**** AVAILABLE RECORDS ****

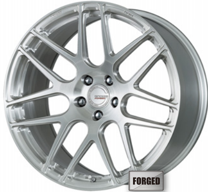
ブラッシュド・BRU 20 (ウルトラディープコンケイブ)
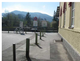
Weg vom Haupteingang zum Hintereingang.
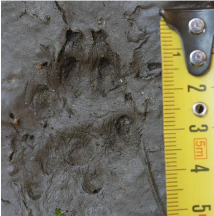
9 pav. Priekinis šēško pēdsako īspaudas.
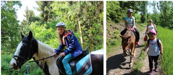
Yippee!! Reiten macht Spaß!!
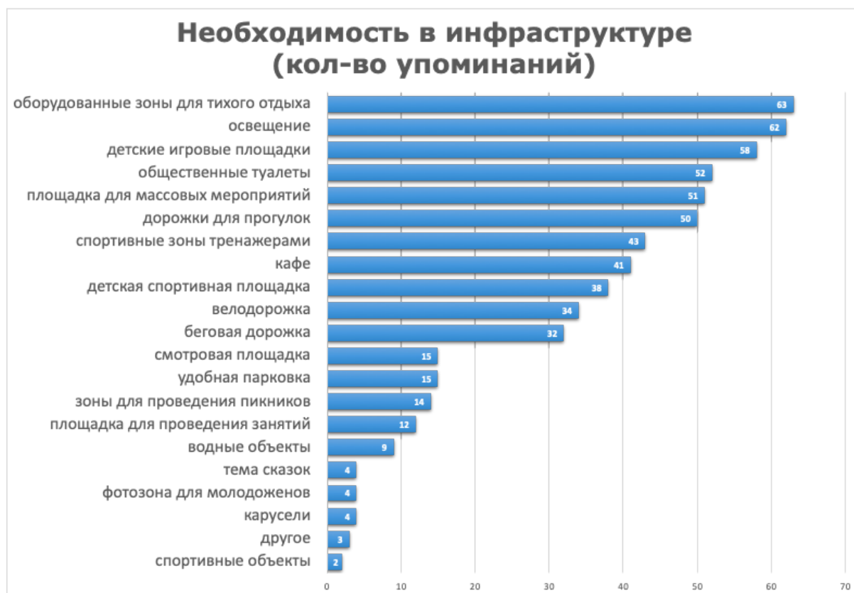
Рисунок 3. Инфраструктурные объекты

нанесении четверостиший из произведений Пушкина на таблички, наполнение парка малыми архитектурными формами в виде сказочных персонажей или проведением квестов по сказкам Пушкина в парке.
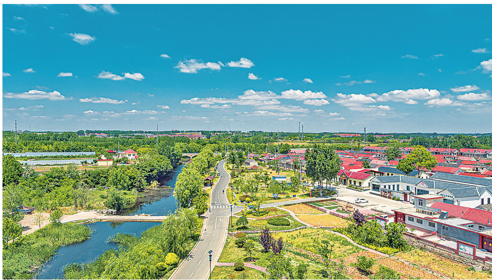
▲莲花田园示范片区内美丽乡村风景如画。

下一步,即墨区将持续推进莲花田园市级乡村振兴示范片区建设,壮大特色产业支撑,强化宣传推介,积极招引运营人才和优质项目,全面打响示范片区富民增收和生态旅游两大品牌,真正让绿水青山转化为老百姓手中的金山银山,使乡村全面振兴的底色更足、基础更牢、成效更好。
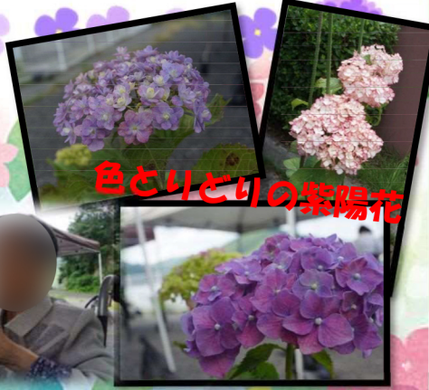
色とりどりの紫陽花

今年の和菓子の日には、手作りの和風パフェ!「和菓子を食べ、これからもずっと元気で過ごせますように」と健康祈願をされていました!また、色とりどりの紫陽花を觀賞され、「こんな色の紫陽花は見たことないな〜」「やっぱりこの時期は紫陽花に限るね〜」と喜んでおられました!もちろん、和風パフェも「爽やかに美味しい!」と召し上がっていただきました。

****

* [EXERCISE] The data above must be written out again without alteration, and the pictures in them must be excluded.

* [ANSWER BOX]
ブラッシュド・BRU 20 (ウルトラディープコンケイブ)
Weg vom Haupteingang zum Hintereingang.
9 pav. Priekinis šēško pēdsako īspaudas.
Yippee!! Reiten macht Spaß!!
Рисунок 3. Инфраструктурные объекты

нанесении четверостиший из произведений Пушкина на таблички, наполнение парка малыми архитектурными формами в виде сказочных персонажей или проведением квестов по сказкам Пушкина в парке.
▲莲花田园示范片区内美丽乡村风景如画。

下一步,即墨区将持续推进莲花田园市级乡村振兴示范片区建设,壮大特色产业支撑,强化宣传推介,积极招引运营人才和优质项目,全面打响示范片区富民增收和生态旅游两大品牌,真正让绿水青山转化为老百姓手中的金山银山,使乡村全面振兴的底色更足、基础更牢、成效更好。
色とりどりの紫陽花

今年の和菓子の日には、手作りの和風パフェ!「和菓子を食べ、これからもずっと元気で過ごせますように」と健康祈願をされていました!また、色とりどりの紫陽花を觀賞され、「こんな色の紫陽花は見たことないな〜」「やっぱりこの時期は紫陽花に限るね〜」と喜んでおられました!もちろん、和風パフェも「爽やかに美味しい!」と召し上がっていただきました。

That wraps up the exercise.